%%

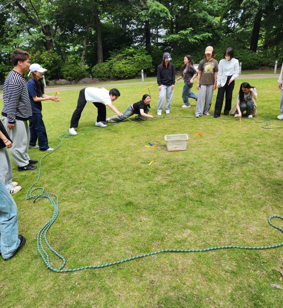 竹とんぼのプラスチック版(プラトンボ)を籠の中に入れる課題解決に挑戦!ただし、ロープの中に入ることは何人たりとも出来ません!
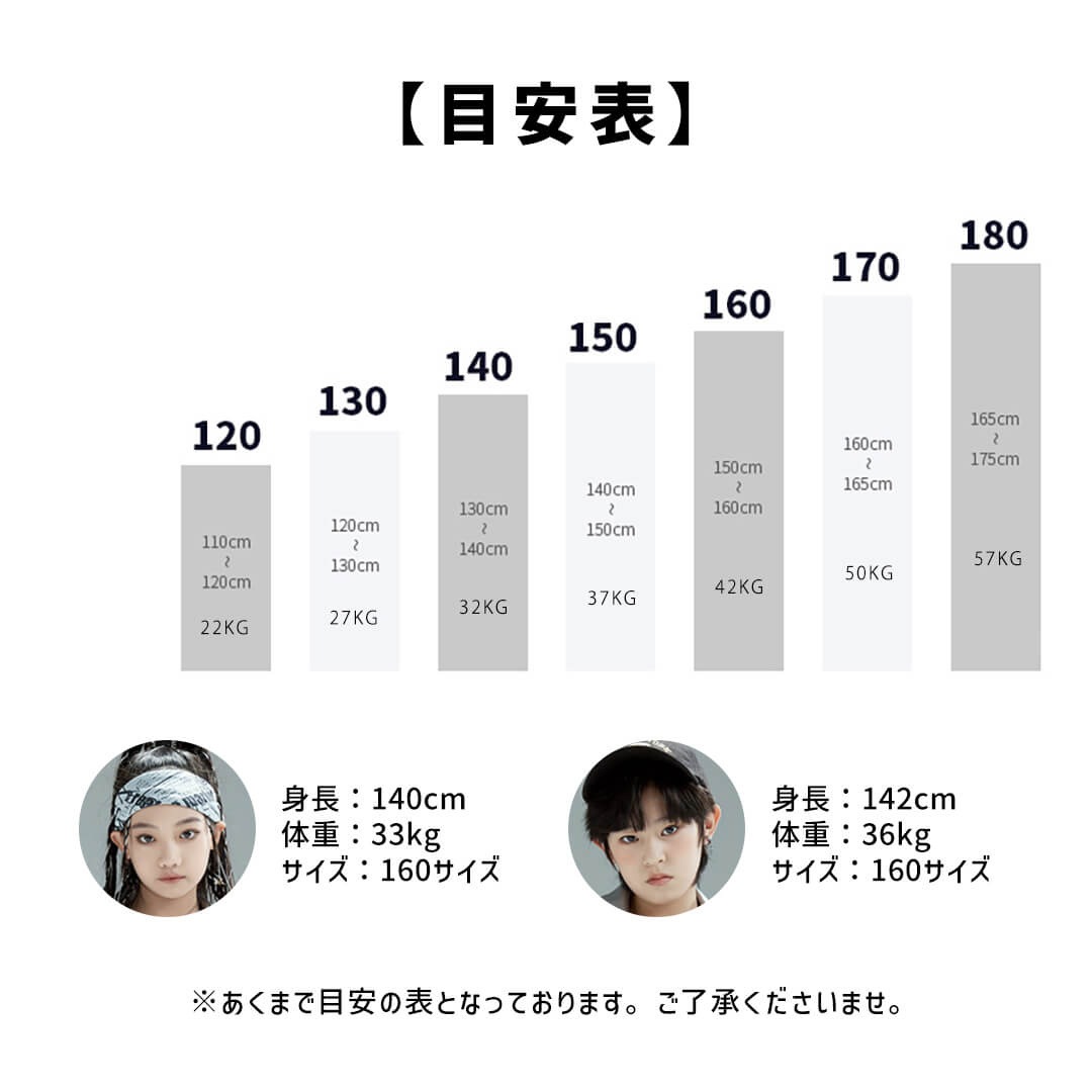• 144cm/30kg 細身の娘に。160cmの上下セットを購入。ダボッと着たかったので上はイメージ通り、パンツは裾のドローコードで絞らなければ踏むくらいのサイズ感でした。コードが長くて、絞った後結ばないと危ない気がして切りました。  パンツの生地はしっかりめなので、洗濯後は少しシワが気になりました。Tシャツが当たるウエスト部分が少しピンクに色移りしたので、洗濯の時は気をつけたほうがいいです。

%%
%%

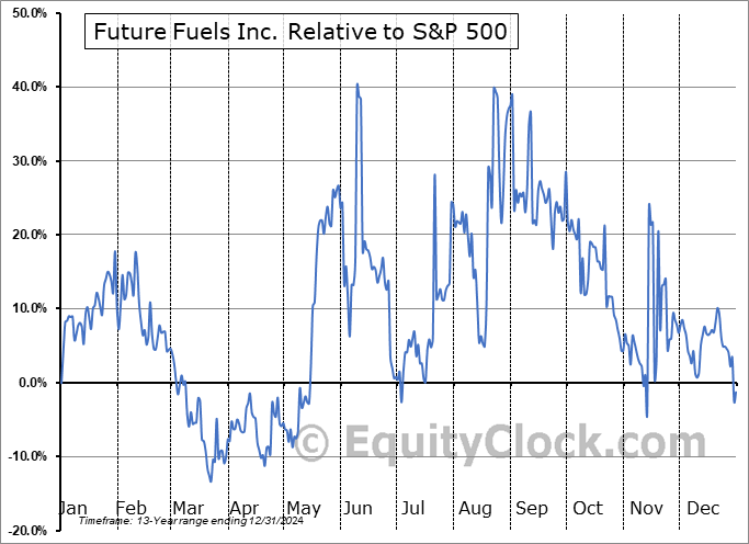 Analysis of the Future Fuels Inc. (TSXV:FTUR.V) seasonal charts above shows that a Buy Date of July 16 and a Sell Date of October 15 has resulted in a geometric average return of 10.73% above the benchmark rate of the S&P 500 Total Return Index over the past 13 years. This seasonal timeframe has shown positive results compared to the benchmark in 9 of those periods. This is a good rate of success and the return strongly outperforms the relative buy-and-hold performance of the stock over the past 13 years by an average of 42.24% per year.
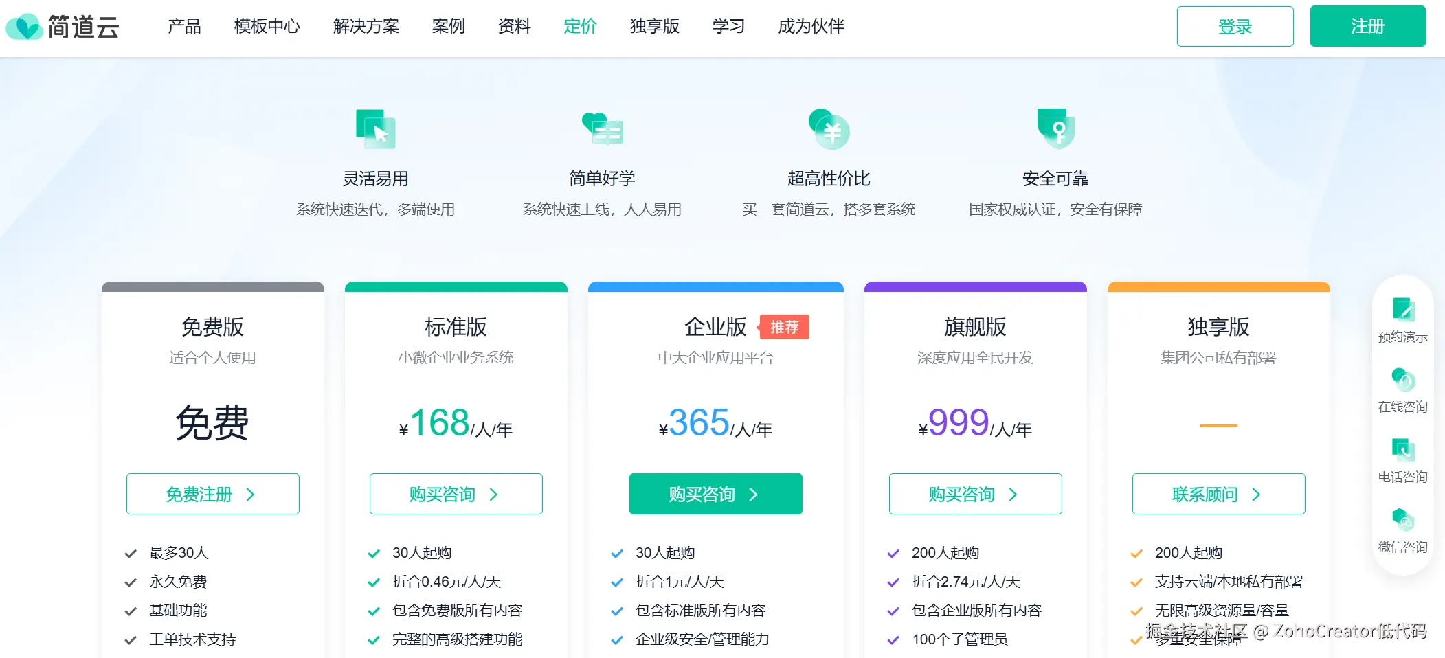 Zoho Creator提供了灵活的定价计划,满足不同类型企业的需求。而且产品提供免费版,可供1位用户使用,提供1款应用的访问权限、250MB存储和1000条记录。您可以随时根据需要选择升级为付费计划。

%%

**Assignment:** In the data above, find the line containing "Analysis of the" and the line containing "Zoho Creator提供". Copy exactly the stretch from the first through the second, both included, leaving out any picture.

**Response to this exercise:**
 Analysis of the Future Fuels Inc. (TSXV:FTUR.V) seasonal charts above shows that a Buy Date of July 16 and a Sell Date of October 15 has resulted in a geometric average return of 10.73% above the benchmark rate of the S&P 500 Total Return Index over the past 13 years. This seasonal timeframe has shown positive results compared to the benchmark in 9 of those periods. This is a good rate of success and the return strongly outperforms the relative buy-and-hold performance of the stock over the past 13 years by an average of 42.24% per year.
 Zoho Creator提供了灵活的定价计划,满足不同类型企业的需求。而且产品提供免费版,可供1位用户使用,提供1款应用的访问权限、250MB存储和1000条记录。您可以随时根据需要选择升级为付费计划。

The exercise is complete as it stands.